AIM OF THE EXERCISE ▸
Please write out exactly the lines of the data below from the line holding "TAPA SUP. C/1" through the line holding "Mẫu lịch được", and leave out the rest.

--- INPUT RECORDS Enclosed Below ---

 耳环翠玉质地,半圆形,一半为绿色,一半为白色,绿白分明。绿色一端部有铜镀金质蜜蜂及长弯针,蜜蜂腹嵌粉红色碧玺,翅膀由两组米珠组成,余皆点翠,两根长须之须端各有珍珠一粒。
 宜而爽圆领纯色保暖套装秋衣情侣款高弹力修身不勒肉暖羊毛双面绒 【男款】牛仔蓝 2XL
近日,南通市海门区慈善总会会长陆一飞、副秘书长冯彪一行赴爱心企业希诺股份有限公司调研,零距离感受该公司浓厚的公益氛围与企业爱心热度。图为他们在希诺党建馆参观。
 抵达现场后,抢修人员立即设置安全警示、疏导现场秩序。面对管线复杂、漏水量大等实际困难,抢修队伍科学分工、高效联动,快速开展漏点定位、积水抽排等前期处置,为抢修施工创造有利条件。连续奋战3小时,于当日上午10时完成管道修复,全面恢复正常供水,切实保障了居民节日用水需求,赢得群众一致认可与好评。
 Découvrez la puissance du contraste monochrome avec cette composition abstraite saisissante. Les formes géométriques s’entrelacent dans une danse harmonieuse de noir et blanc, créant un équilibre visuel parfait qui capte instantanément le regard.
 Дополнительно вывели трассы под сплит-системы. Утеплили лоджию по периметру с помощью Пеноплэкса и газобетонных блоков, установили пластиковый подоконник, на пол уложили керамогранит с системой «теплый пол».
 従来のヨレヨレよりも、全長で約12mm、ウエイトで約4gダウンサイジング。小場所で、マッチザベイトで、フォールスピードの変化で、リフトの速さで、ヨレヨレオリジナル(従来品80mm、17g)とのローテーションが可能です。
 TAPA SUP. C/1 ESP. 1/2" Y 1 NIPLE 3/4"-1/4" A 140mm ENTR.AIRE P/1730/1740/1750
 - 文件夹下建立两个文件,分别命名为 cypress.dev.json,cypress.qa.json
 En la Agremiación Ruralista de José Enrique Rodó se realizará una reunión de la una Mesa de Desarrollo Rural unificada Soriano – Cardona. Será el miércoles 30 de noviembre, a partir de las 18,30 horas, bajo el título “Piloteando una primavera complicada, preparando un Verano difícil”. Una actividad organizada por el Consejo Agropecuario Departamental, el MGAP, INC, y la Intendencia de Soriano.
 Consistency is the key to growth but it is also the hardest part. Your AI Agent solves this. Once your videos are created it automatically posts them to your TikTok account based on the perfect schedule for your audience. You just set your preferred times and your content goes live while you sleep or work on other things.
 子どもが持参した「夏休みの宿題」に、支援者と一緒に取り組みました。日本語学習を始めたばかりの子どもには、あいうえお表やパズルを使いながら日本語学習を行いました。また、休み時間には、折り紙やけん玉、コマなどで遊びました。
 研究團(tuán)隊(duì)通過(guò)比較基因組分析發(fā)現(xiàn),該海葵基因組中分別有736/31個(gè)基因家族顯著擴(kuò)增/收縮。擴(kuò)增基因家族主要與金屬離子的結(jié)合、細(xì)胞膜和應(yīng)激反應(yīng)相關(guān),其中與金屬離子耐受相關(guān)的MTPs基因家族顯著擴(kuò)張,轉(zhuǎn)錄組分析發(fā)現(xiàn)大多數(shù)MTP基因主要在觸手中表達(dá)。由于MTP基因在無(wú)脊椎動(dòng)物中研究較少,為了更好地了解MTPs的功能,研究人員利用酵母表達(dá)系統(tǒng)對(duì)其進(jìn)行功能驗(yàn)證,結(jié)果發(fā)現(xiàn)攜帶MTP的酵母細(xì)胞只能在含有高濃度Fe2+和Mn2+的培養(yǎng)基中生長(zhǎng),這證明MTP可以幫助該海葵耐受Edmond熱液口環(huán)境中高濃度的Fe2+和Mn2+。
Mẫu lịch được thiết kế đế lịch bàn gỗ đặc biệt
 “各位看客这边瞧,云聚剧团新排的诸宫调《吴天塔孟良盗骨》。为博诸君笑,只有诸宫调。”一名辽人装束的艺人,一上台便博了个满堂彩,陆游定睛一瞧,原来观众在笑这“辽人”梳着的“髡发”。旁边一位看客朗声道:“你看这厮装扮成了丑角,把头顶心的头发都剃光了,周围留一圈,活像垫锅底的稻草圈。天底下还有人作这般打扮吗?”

--- End of Enclosed INPUT RECORDS ---

WRITTEN SOLUTION ▸
 TAPA SUP. C/1 ESP. 1/2" Y 1 NIPLE 3/4"-1/4" A 140mm ENTR.AIRE P/1730/1740/1750
 - 文件夹下建立两个文件,分别命名为 cypress.dev.json,cypress.qa.json
 En la Agremiación Ruralista de José Enrique Rodó se realizará una reunión de la una Mesa de Desarrollo Rural unificada Soriano – Cardona. Será el miércoles 30 de noviembre, a partir de las 18,30 horas, bajo el título “Piloteando una primavera complicada, preparando un Verano difícil”. Una actividad organizada por el Consejo Agropecuario Departamental, el MGAP, INC, y la Intendencia de Soriano.
 Consistency is the key to growth but it is also the hardest part. Your AI Agent solves this. Once your videos are created it automatically posts them to your TikTok account based on the perfect schedule for your audience. You just set your preferred times and your content goes live while you sleep or work on other things.
 子どもが持参した「夏休みの宿題」に、支援者と一緒に取り組みました。日本語学習を始めたばかりの子どもには、あいうえお表やパズルを使いながら日本語学習を行いました。また、休み時間には、折り紙やけん玉、コマなどで遊びました。
 研究團(tuán)隊(duì)通過(guò)比較基因組分析發(fā)現(xiàn),該海葵基因組中分別有736/31個(gè)基因家族顯著擴(kuò)增/收縮。擴(kuò)增基因家族主要與金屬離子的結(jié)合、細(xì)胞膜和應(yīng)激反應(yīng)相關(guān),其中與金屬離子耐受相關(guān)的MTPs基因家族顯著擴(kuò)張,轉(zhuǎn)錄組分析發(fā)現(xiàn)大多數(shù)MTP基因主要在觸手中表達(dá)。由于MTP基因在無(wú)脊椎動(dòng)物中研究較少,為了更好地了解MTPs的功能,研究人員利用酵母表達(dá)系統(tǒng)對(duì)其進(jìn)行功能驗(yàn)證,結(jié)果發(fā)現(xiàn)攜帶MTP的酵母細(xì)胞只能在含有高濃度Fe2+和Mn2+的培養(yǎng)基中生長(zhǎng),這證明MTP可以幫助該海葵耐受Edmond熱液口環(huán)境中高濃度的Fe2+和Mn2+。
Mẫu lịch được thiết kế đế lịch bàn gỗ đặc biệt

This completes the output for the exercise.